Upon discovery, it took me 59 minutes to release the first patched version and approximately four hours to prepare fixes and backport them to all relevant versions of the rdkafka gem, including older ones. Luckily, I was in front of my computer when the incident occurred, allowing me to quickly create and release needed fixes.

Future Steps

Going forward, all future releases will depend only on RubyGems, ensuring no reliance on external build sources like GitHub. I decided to ship the librdkafka releases inside the gem itself, enhancing its reliability and stability of the ecosystem.

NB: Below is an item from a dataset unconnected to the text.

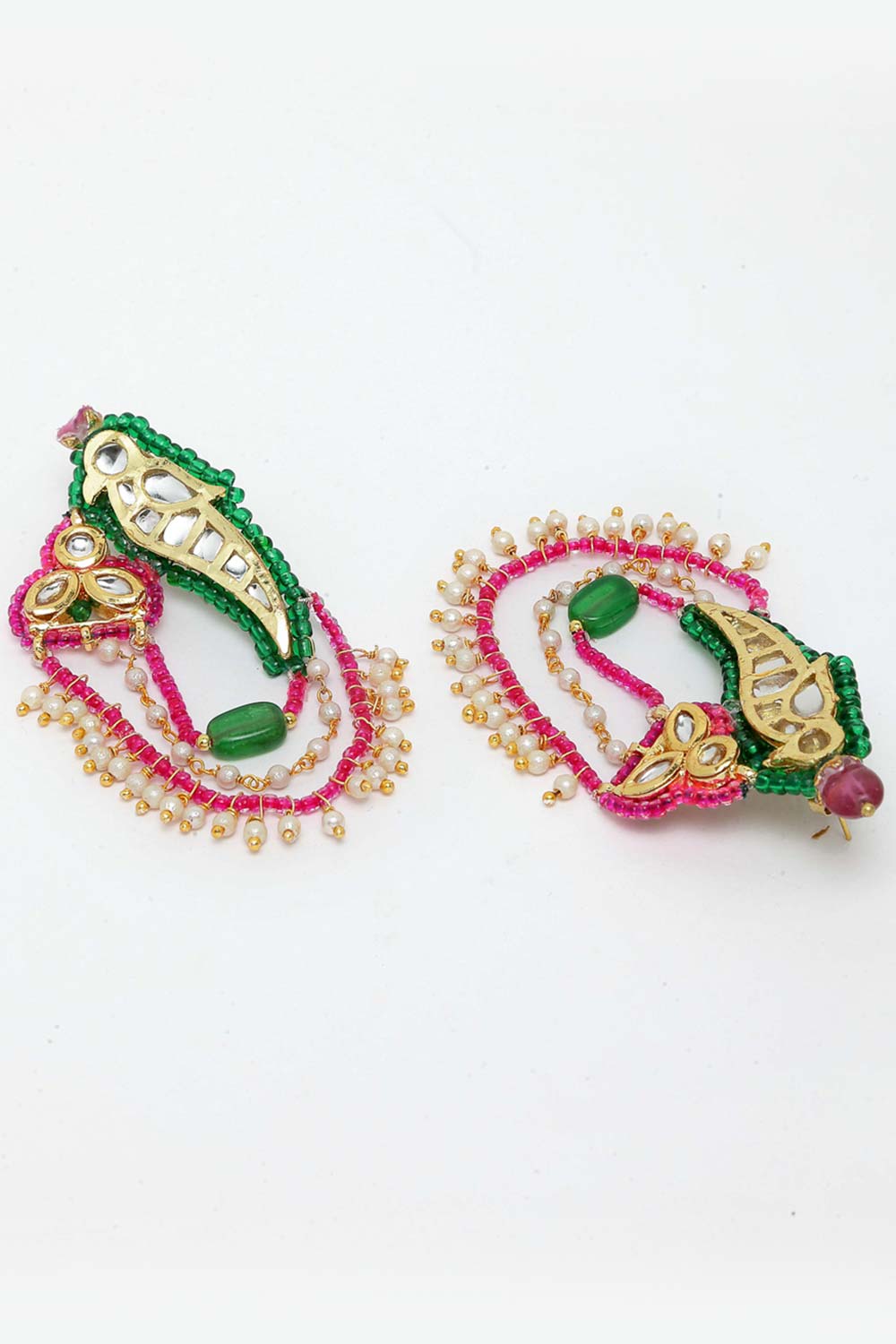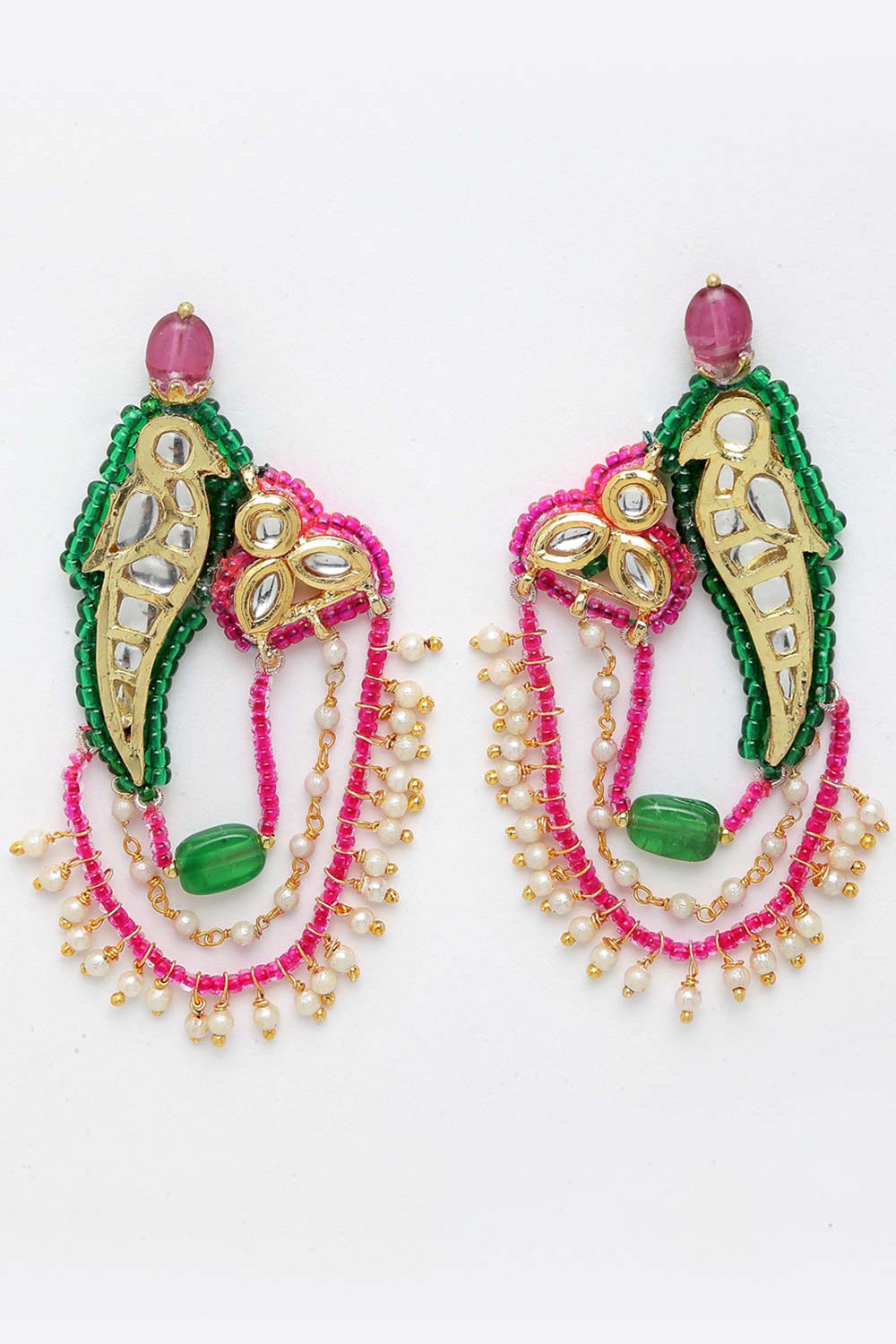 Pink And Green Gold-Plated Kundan And Pearls Dangler Earring

releases = File.expand_path(File.join(File.dirname(__FILE__), '../dist'))

recipe.files << {
  :url => "file://#{releases}/librdkafka_#{Rdkafka::LIBRDKAFKA_VERSION}.tar.gz",
  :sha256 => Rdkafka::LIBRDKAFKA_SOURCE_SHA256
}
recipe.configure_options = ["--host=#{recipe.host}"]
recipe.cook

Fragility of the OSS Supply Chain

This incident highlights our dependence on other OSS projects and repositories. It's essential to remember that mistakes can happen, and we must be prepared. This wasn't the first issue with GitHub downloads. In 2023, a change in GitHub's tar layout broke a lot of software, including ours, that relied on checksums for artifacts verification. To be honest, if we had migrated the building process of rdkafka at that time, this article would not have to be written.

Here are my main takeaways from this incident:

  1. Design Flaws Can Amplify Issues: The incident highlighted how design flaws in dependency management can lead to significant disruptions.
  2. Dependency on External Repositories: Relying on external data sources during the build process can pose risks, mainly when unexpected changes occur.
  3. Importance of Immutable Builds: Adopting immutable builds without external resources can enhance reliability and stability.